The plots show that the smoothed value is zero lag meaning it fits the data without needing to be phase-corrected (i.e. shifted).

Filter coefficients

One other good thing about the Savitsky-Golay filter is that it can be implemented as a fixed impulse response FIR either as a dot product or a convolution. The knowledge of this means that its also easy to implement mean reversion strategies between the price and the smoothed value.

from scipy.signal import savgol_coeffs
coeffs = savgol_coeffs(32, polyorder=3, deriv=0, use="dot")

golay_issue2

The plot of filter coefficients for different derivatives.

Issues

The main issue with Savitsky Golay filtering is one that plagues zero lag style filters. Estimates for recent observations changes as new data becomes available. In case of the scipy Golay filter implementation there are various techniques to try to estimate future data to fit the filter to. These include:

  • constant
  • last value
  • interpolate

For any practical forecasting applications, these are all useless and give a value that overweights the most recent observation. If Golay filters are applied sequentially, and the last estimate of the filter recorded it’s easy to visualise this problem.

golay_issue3

The blue line is the estimated mean at time t and the red line is the current value of the Golay filter.

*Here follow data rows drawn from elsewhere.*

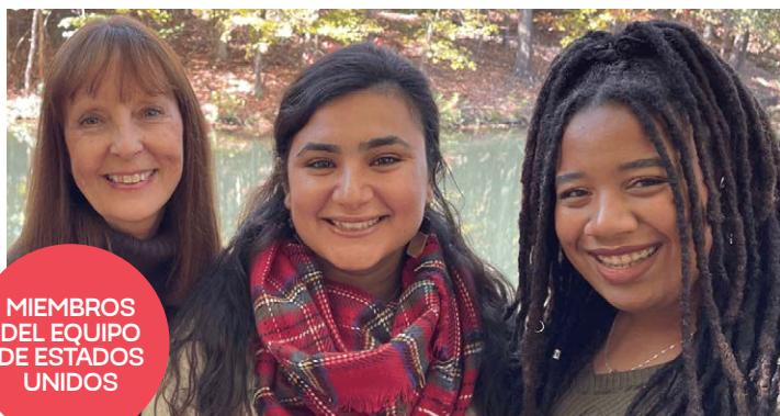
MIEMBROS DEL EQUIPO DE ESTADOS UNIDOS

profundo y personal amor por Cristo y abracen una lectura regular de las Escrituras, arrepentimiento y obediencia a ti. (Col. 1:10)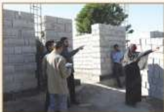
خواهر رنج دیده ام این خانه برای نوست ، باشد که بمانی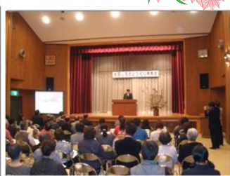
和田町ふるさとづくり発表会で提案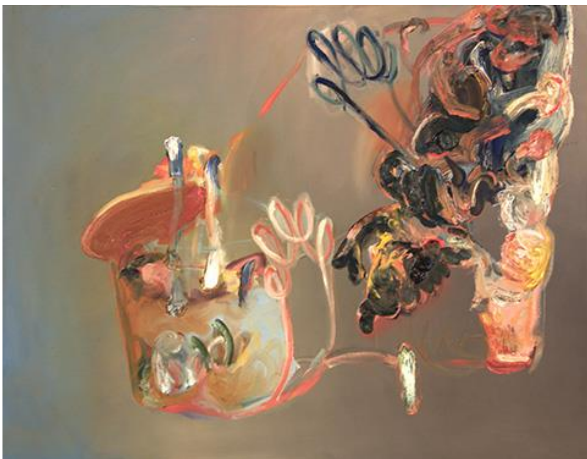
Myrto Christou, Abstract, 2019. Olieverf op doek, 71 x 90 cm.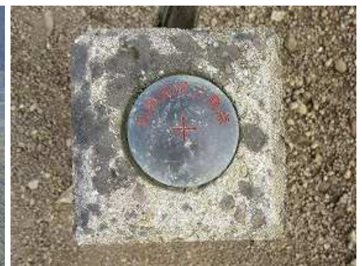
南側に図根三角点が設置されている。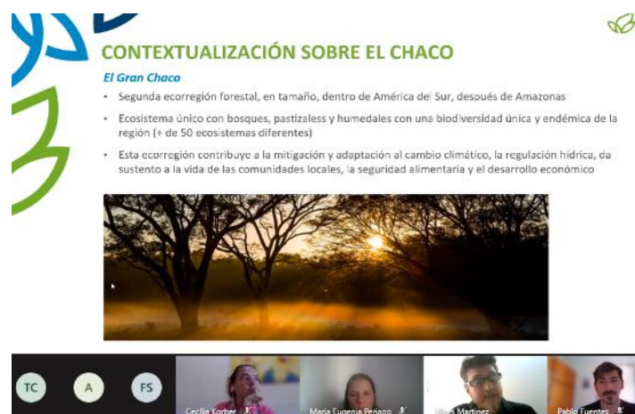
Figura 3 – Contextualização do Chaco

Na sequência, a FVS abordou um panorama geral do contexto de desmatamento e conversão no Gran Chaco Argentino nos últimos 45 anos, apresentando: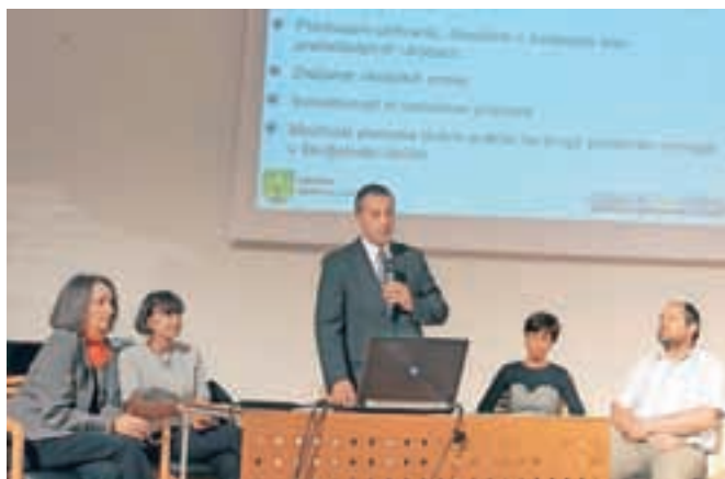
Komisija je izbirala med enajstimi predlogi.

Vrtec je v minulem letu za več kot 16 odstotkov izboljšal energetske učinkovitost (ob upoštevanju vpliva zunanjih pogojev), in to predvsem na osnovi organizacijskih ukrepov. Kažejo se tudi rezultati celostnih energetskih sanacij vrtcev Pedenjped in Najdihojca. Komisijo je dodatno prepričalo tudi dejstvo, da vrtec že majhne otroke vzgaja k varčnemu ravnanju, kar obeta, da bodo prihodnje generacije skrbnejše ravnale z viri, ki jih imamo na razpolago. Prihranki pri energiji pa niso zgolj finančni, pač pa je zaradi tega tudi manj škodljivih izpustov v okolje, kar je prav tako eno od merljivih meril iz škofjeloškega energetskega razpisa.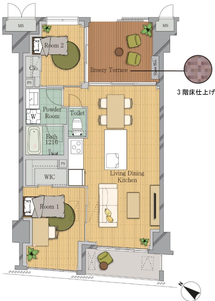
平面プラン (2階 Et タイプ)

ホワイトを基調とした爽やかな内装仕上げに、天井・壁をコンクリート打放し仕上げや天然木の建具・フローリング等を採用し、自然素材の質感をアクセントとしています。また、バルコニー側・共用廊下側の両面から採光が確保できるよう、玄関にはガラス扉を採用しています。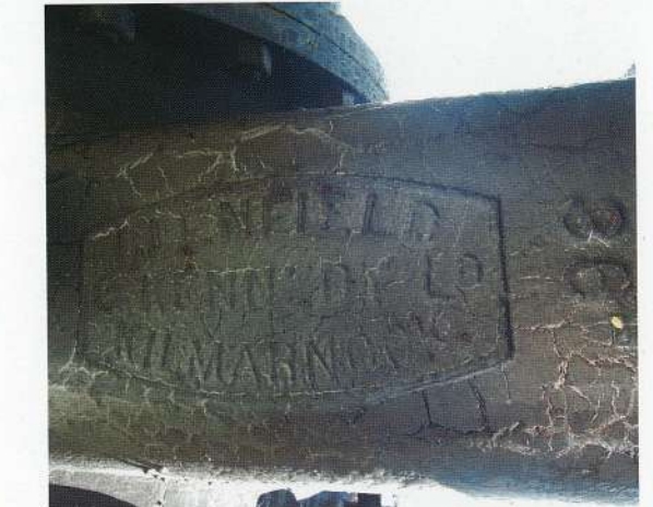
写真3 仕切弁に記された製造会社の刻印 （製造会社の刻印は見学可能箇所からはご覧いただけません。）

名古屋市では、明治四十二年（一九〇九）年に上水道の敷設に着工し、大正三（一九一四）年に完成します。これにより、名古屋市の上水道は愛知県大山市を流れる木曾川から取水し、名古屋千種区にある鍋屋上野浄水場を経て各家庭に配水されるという仕組みが整います。その後改修や増築を重ねながら、百年近くを経た現在も名古屋市民の生活を支えています。 明治村に展示されている水道管は、上水道敷設工事中の明治四十五（一九一二年）、現在の名古屋守山区庄内川の川底に埋設されたものです。長さ約三・六メートル、口径約九センチ、重さ二トンの鑄鉄製直管に、重さ約四・五トンの仕切り弁が取り付けられています。昭和五十九（一九八四）年の三月、水道管の新設交換を機に明治村へ寄贈されました。 ではこの水道管は、いつ、どこで製造されたのでしょうか。水道管にはそれがわかる刻印が残されています。直管と仕切弁双方に名古屋市の市章「A」と「明治四十四年」という刻印があり（写真2）、明治四十四（一九一一年）年に製造され、名古屋で使われていたことが分かります。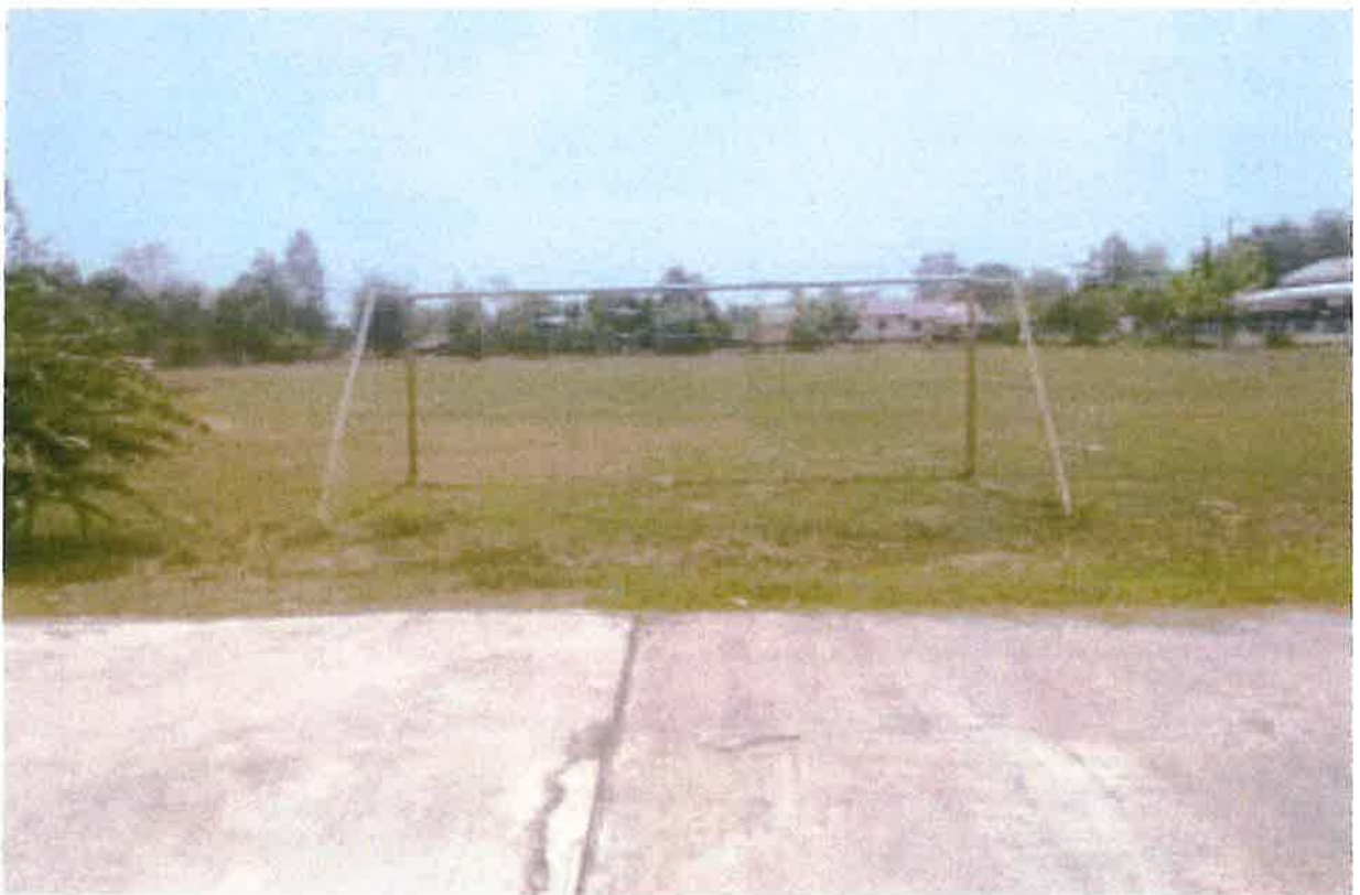
สนามกีฬาบ้านวังโน หมู่ ๒ ตำบลหนองโพธิ์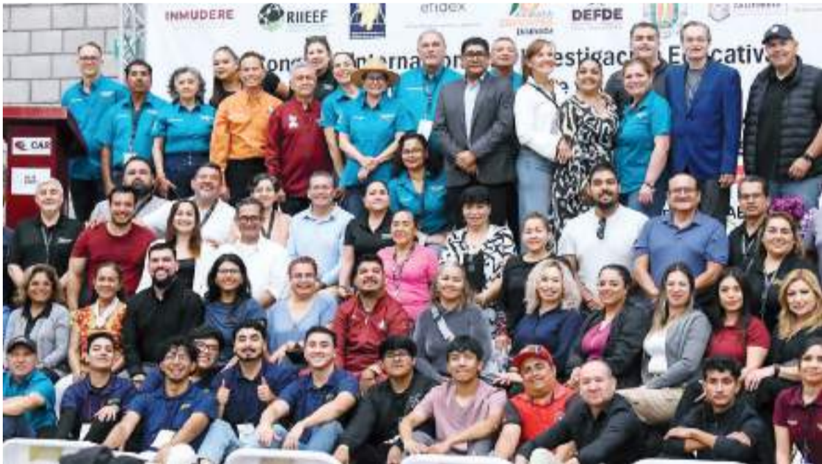
Se llevó a cabo la clausura del IV Congreso Internacional.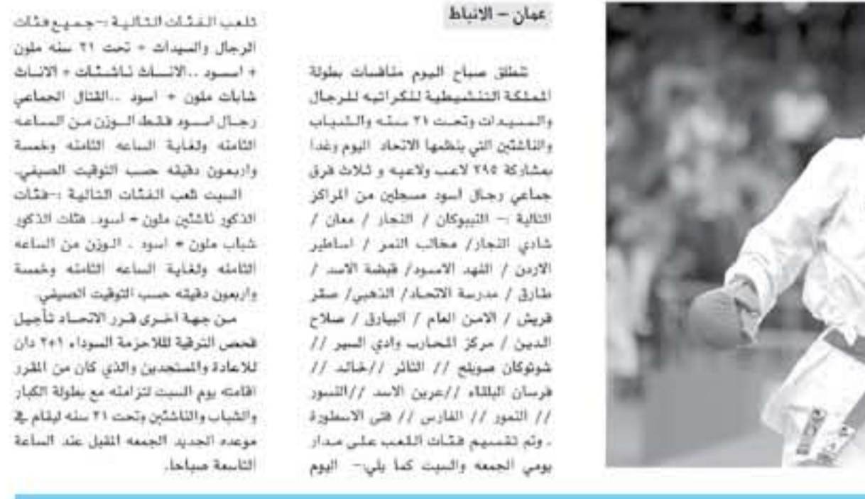
عمان - الألباط

تنطلق صباح الوم منافسات بطولة المهلكة التنشيطية للكراتيه للرجال والسيدات وتحت 21 سنة والشباب والناشئين التي ينظمها الاتحاد الوم وبدا بمشاركة 248 لاعب ولاعبة وثلاث فرق جماعي رجال أسود متجانين من المراكز التالية - النيوكان / النصار / عمان / شادي النصار / محاب النمر / اساطير الالردن / النه الامود / قبضة الالرد / طارق / مدرسة النصار / النهي / ستر فريش / الامن العام / البيارق / صلاح الدين / مركز الشاربات وادي السمير // شوكان صوبع // النائر // الخاند // فرسان البلاء // البحرين الالرد // النصار // التتور // التتور // الفارس // هي الالسطورة - وتم تشجيع فقات اللعب على مدار الوم الجمعة والسبت كما يلي- الوم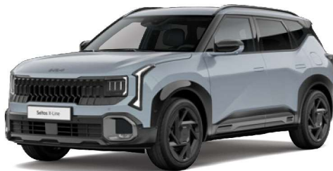
Šedá Pale Ripple (APG) Perleťová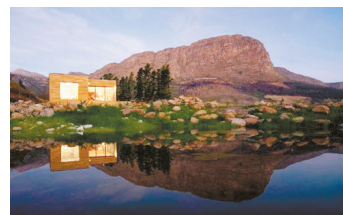
4 Ecomo 美丽而且精致的房屋来自皮埃特罗拉索，建筑旁有着催眠一般的风光。基于绿色、可持续发展的特点。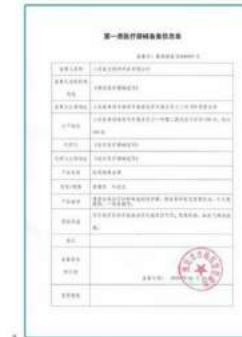
•Description: Medical Device Registration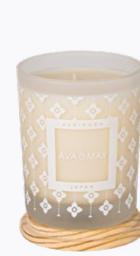
ŚWIECE DO MASAŻU 140g | Około 10 masażu pleców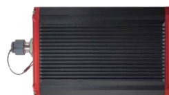
1 x Приемник David30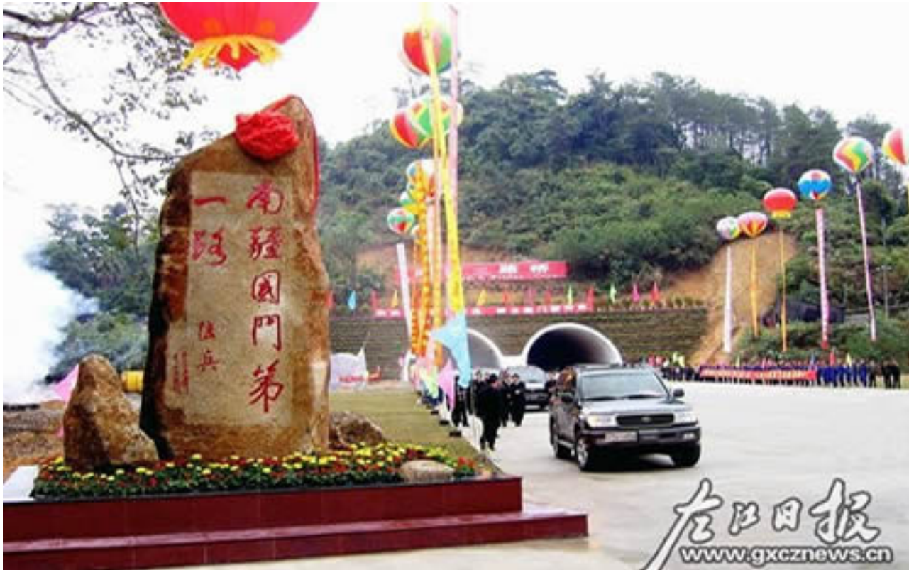
Hình G34 Ngày 28.12.2005, cao tốc Nam Hiep chính thức khai thông nối vào khu vực m Quốc lộ 1A cũ ở Việt Nam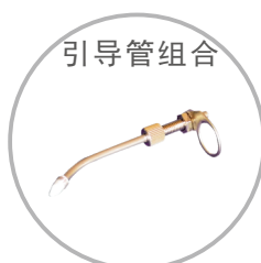
出锡导管组件（带手动开关）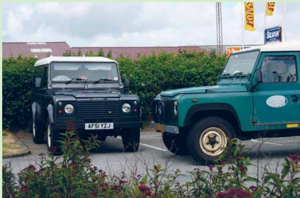
"Vi mødtes tilfældigt, i solens skær...! Turistbyen Ribe tiltrækker også firhjulstrækkere. Stampemøllen, Ribe

Vores kontaktmail info@la2008.dk er åben lidt tid endnu, og vi håber, at så mange som mulig vil benytte muligheden for at give os lidt feed-back, som vi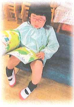
年少組：園内のいろんな場所に興味津々！好きな遊びに巡り合ったり、お友だちが行っている遊びを真似したりする姿がありました。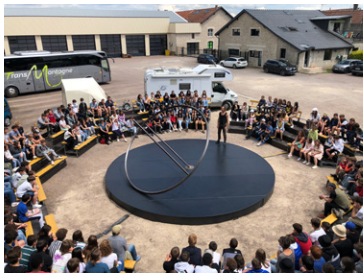
Exemple avec gradins fourni par l'organisateur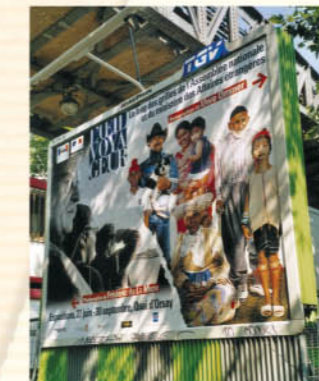
Campagne d'affichage pour l'exposition «L'Œil voyageur»

L'objectif était ambitieux : lancer un message de paix et d'amitié aux peuples du monde, appeler au respect des cultures afin de mieux partager nos différences. «Il est bon que la France rappelle d'une seule et même voix qu'elle demeure la patrie des droits de l'homme et la terre de la liberté, de l'égalité et de la fraternité, ces grandes valeurs de la République» déclaraient ensemble le Président Raymond Forni et le ministre des Affaires étrangères, Hubert Védrine.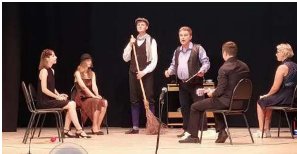
Выступление инклюзивного театра «Пламя»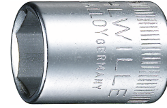
01010006 Douille pour tournevis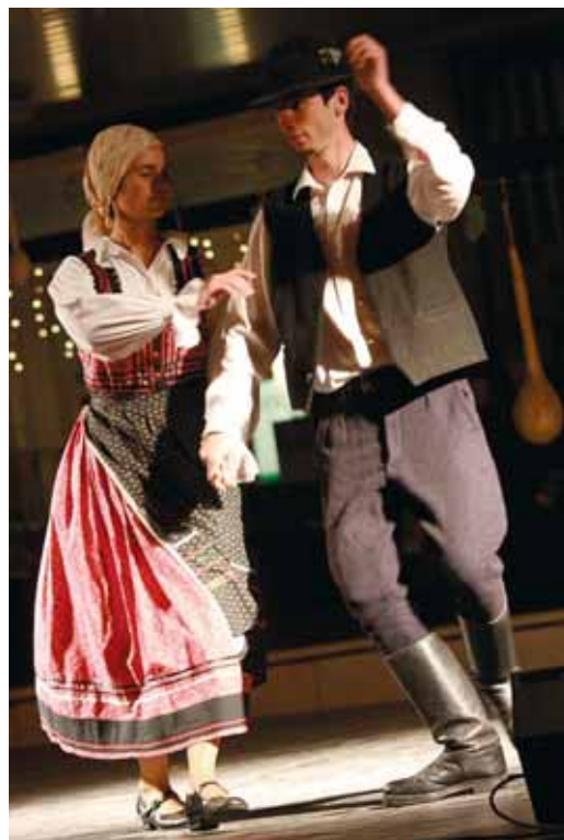
ÉRTÉKES PRODUKCIÓT LÁTHATTUNK A BÍBORKA NÉPTÁNCGYÜTTES ELŐADÁSÁBAN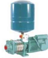
Pressure Boosting Systems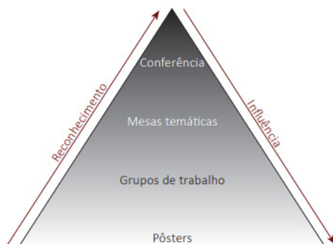
Figura 1 - Pirâmide reputacional dos eventos científicos

Como base nesta pirâmide, cada participante do evento científico atua conforme a autoridade que lhe é conferida; de modo que, a amplitude e relevância da sua comunicação corresponde ao seu prestígio e posição junto aos seus pares. Diante do exposto, entende-se que os eventos científicos não compreendem, simplesmente, reuniões e assembleias onde se compartilham informação e conhecimento, mas compreendem, também, espaços coletivos de mediação de autoridade, em que são expressos de forma ascendente (da base em relação ao topo) o reconhecimento e de forma descendente (do topo em direção à base) a influência.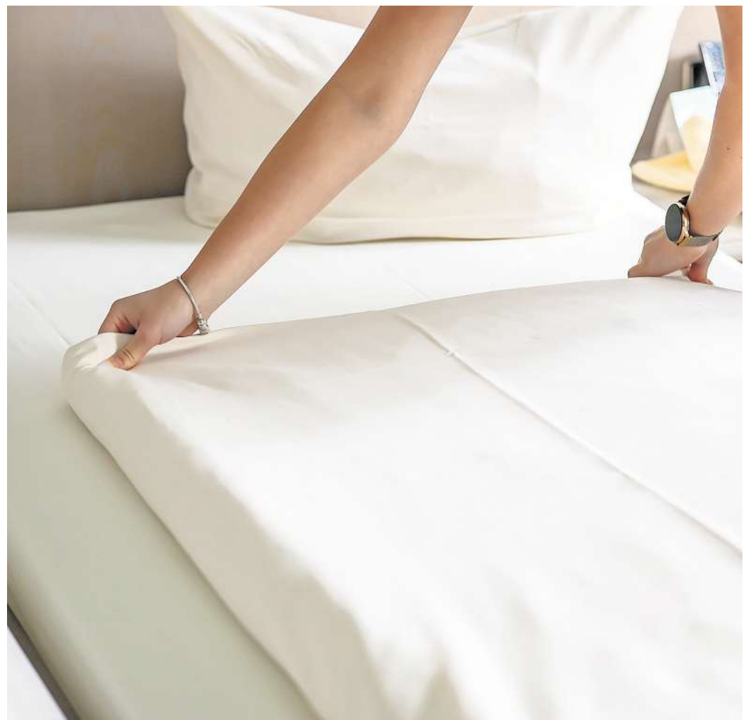
Nach dem Landesstatistikamt sind die Übernachtungszahlen in Wolfsburg um 20 Prozent zurückgegangen.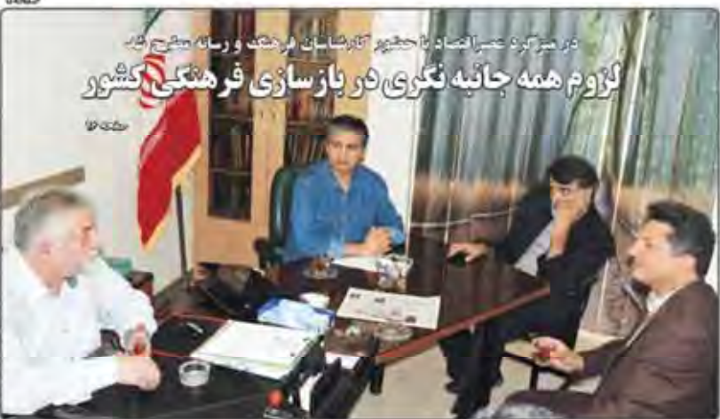
در مرکز کرد عصر اقتصاد با حضور آقایان فرهنگت و رسانه مطرح کرد گروم همه جانبه نگر در بازسازی فرهنگی کشور

غارت انسان ها به نام صنایع دستی به نام صنایع دستی رئیس اداره فرعی صنایع دستی و تجارت استان قرنیز از قائمیه ۱۰۰ هزار نفر بازرگانی در استان صنایع دستی و صنایع کوچک صنعتی استان را فرهنگی صنایع دستی و گردشگری برآمد حاصل از فروش صنایع دستی آبی ۹۰۰ میلیارد ۲ میلیون دار اقدام می کند به نام صنایع دستی رئیس اداره فرعی صنایع دستی و تجارت استان قرنیز از قائمیه ۱۰۰ هزار نفر بازرگانی در استان صنایع دستی و صنایع کوچک صنعتی استان را فرهنگی صنایع دستی و گردشگری برآمد حاصل از فروش صنایع دستی آبی ۹۰۰ میلیارد ۲ میلیون دار اقدام می کند

Without some way of estimating the future data, the filter tends to tracks the most recent prices too closely and has much higher volatility that compared with the smoothed value. If the filter did its job perfectly we would expect the blue line to exactly track the orange line that is only known at a later date.

Filter Correction

Are there better ways to estimate the missing data? Yes and that is where the derivatives are useful. If the smoothed value is thought to follow a kinematic model such as

\[s = ut + \frac{1}{2} at^2\]

then it is possible to forecast the moving average. I will leave this topic for a later post.